#### [TO DO]
Pictures in the entries below are to be left out; otherwise, reproduce exactly the lines from the first through the line containing "This is a rare".

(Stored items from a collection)
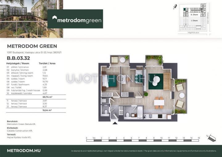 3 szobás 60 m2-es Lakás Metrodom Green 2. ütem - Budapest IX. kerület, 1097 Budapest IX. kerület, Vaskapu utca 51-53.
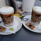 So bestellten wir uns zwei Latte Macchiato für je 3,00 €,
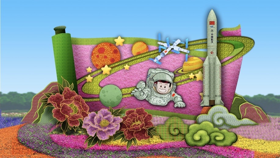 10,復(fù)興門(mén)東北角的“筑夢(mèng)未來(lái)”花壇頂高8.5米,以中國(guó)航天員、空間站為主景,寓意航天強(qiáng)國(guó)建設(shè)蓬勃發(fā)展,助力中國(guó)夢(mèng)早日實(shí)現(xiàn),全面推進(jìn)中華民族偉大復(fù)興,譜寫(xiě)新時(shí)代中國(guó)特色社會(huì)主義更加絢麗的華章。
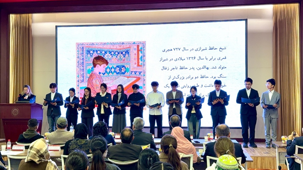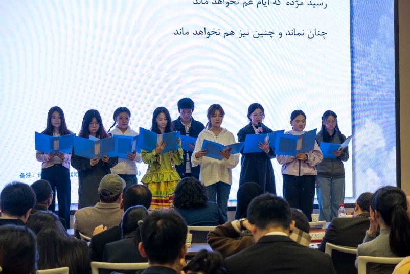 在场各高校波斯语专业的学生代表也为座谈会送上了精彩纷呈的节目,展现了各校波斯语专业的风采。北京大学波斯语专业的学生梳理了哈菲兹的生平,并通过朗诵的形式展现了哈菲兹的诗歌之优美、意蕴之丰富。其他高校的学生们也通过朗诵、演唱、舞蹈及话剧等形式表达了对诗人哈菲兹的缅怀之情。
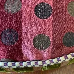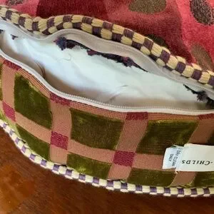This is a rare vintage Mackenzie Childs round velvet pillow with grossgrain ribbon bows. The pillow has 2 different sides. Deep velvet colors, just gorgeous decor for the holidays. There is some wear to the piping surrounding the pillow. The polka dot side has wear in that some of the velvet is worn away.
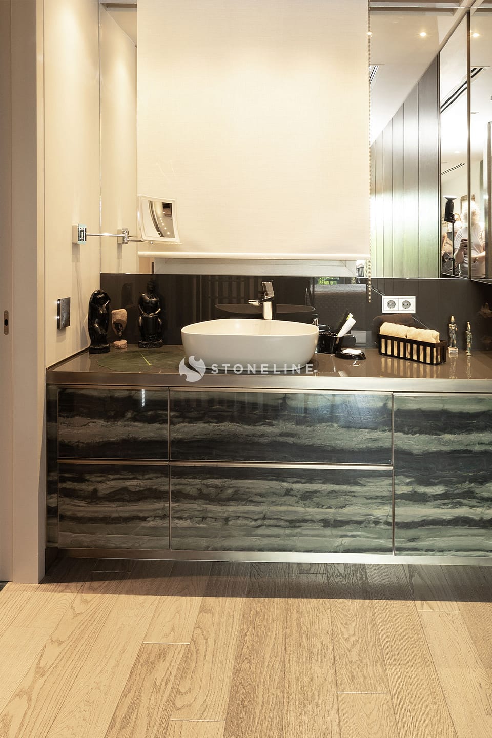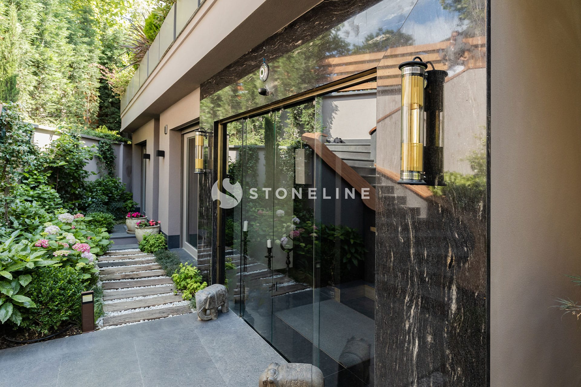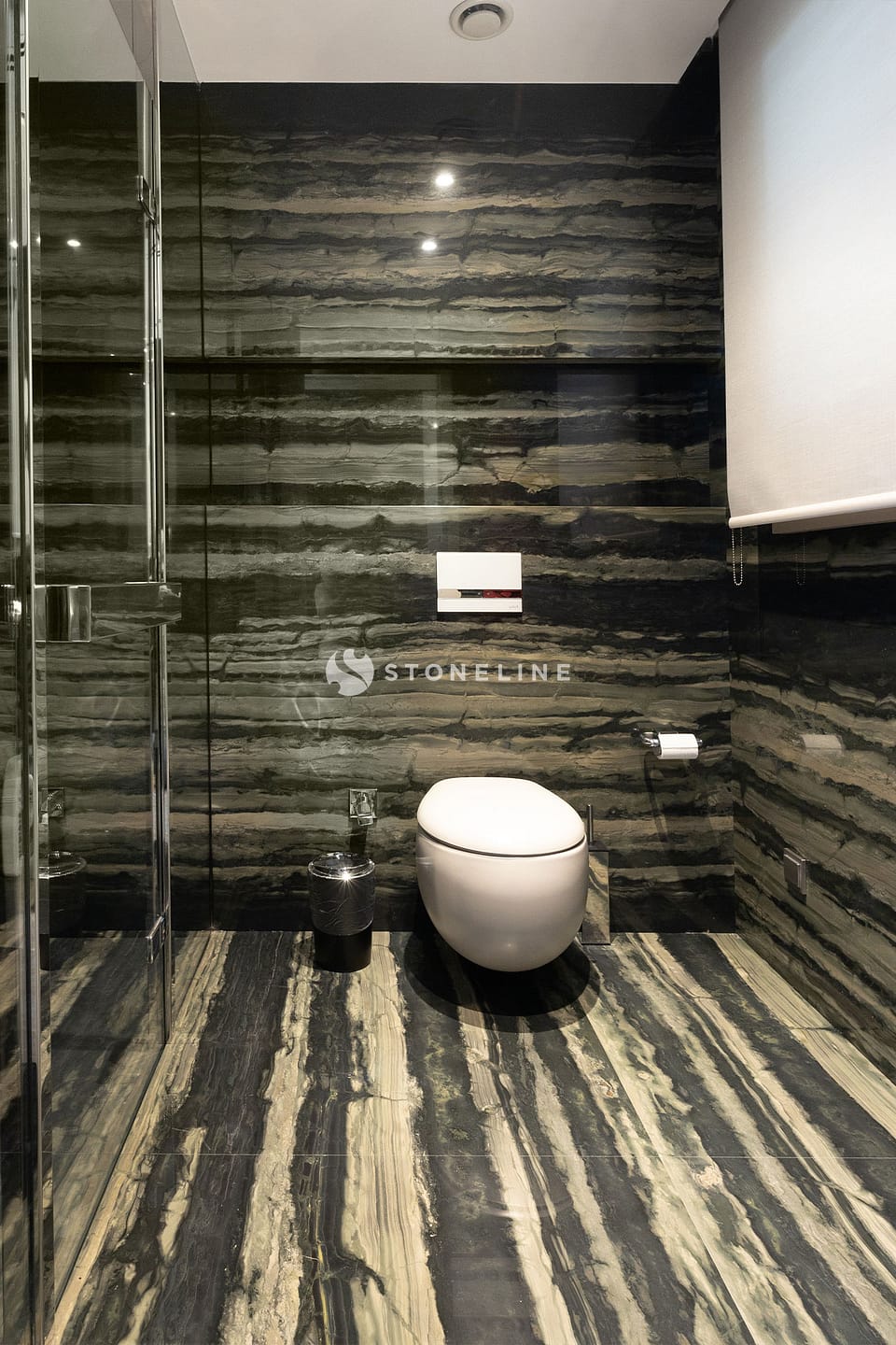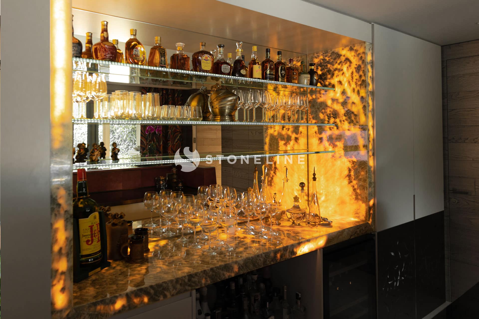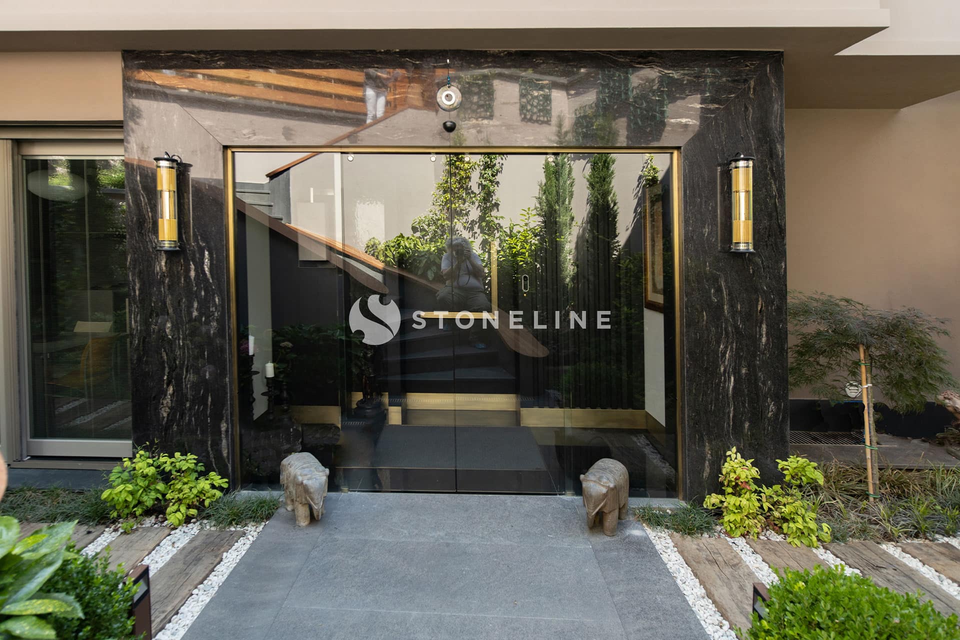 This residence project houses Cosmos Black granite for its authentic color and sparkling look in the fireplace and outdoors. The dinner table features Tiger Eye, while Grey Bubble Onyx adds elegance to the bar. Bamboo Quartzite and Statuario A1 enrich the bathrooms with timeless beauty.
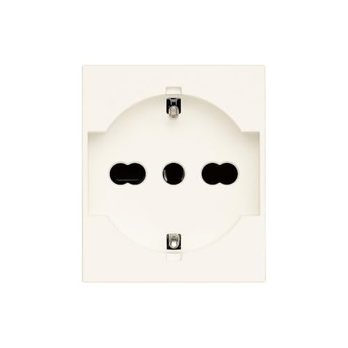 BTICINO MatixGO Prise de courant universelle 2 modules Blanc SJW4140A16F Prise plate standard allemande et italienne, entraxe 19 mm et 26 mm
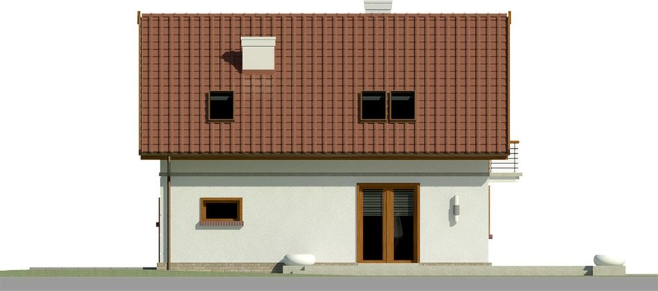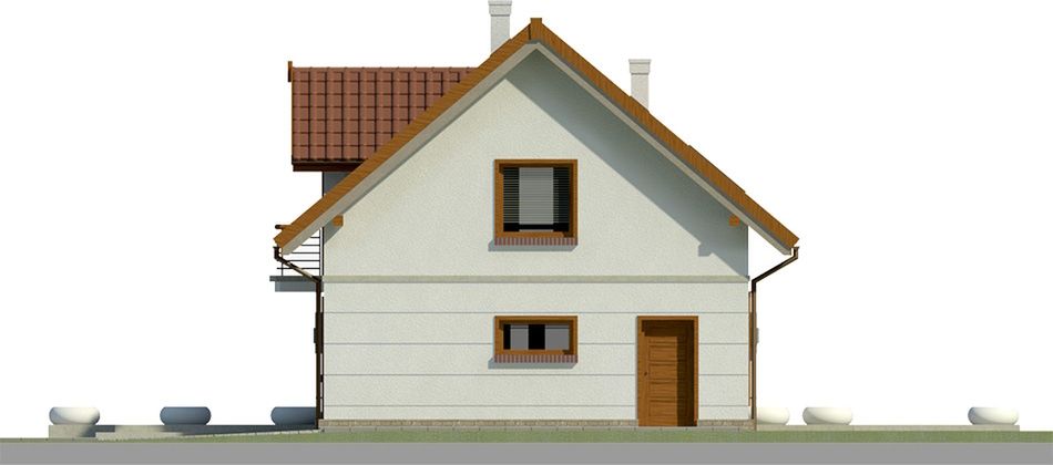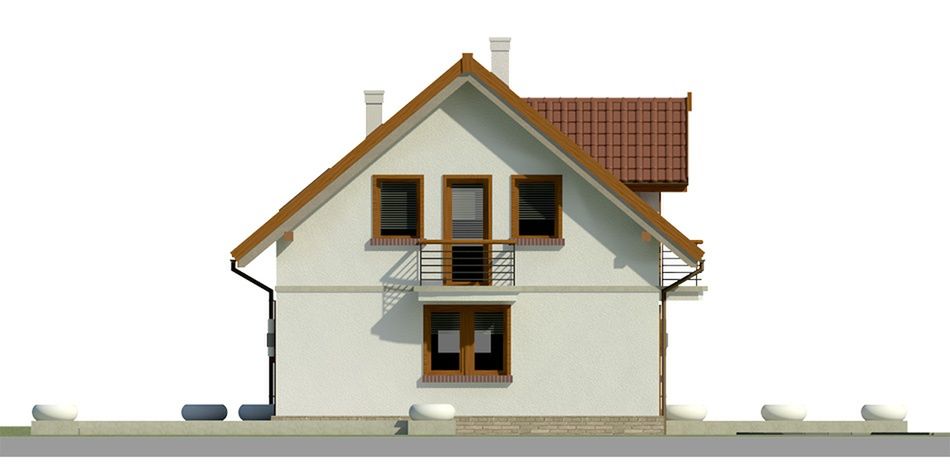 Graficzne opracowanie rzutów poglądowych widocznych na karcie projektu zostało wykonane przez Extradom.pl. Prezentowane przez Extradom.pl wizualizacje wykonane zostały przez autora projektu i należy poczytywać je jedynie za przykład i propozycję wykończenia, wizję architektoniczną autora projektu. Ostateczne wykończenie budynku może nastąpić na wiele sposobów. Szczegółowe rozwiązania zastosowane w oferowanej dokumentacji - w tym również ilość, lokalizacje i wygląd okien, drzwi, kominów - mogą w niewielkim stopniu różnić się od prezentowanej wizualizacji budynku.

#### [TASK ANSWER]
 3 szobás 60 m2-es Lakás Metrodom Green 2. ütem - Budapest IX. kerület, 1097 Budapest IX. kerület, Vaskapu utca 51-53.
 So bestellten wir uns zwei Latte Macchiato für je 3,00 €,
 10,復(fù)興門(mén)東北角的“筑夢(mèng)未來(lái)”花壇頂高8.5米,以中國(guó)航天員、空間站為主景,寓意航天強(qiáng)國(guó)建設(shè)蓬勃發(fā)展,助力中國(guó)夢(mèng)早日實(shí)現(xiàn),全面推進(jìn)中華民族偉大復(fù)興,譜寫(xiě)新時(shí)代中國(guó)特色社會(huì)主義更加絢麗的華章。
 在场各高校波斯语专业的学生代表也为座谈会送上了精彩纷呈的节目,展现了各校波斯语专业的风采。北京大学波斯语专业的学生梳理了哈菲兹的生平,并通过朗诵的形式展现了哈菲兹的诗歌之优美、意蕴之丰富。其他高校的学生们也通过朗诵、演唱、舞蹈及话剧等形式表达了对诗人哈菲兹的缅怀之情。
This is a rare vintage Mackenzie Childs round velvet pillow with grossgrain ribbon bows. The pillow has 2 different sides. Deep velvet colors, just gorgeous decor for the holidays. There is some wear to the piping surrounding the pillow. The polka dot side has wear in that some of the velvet is worn away.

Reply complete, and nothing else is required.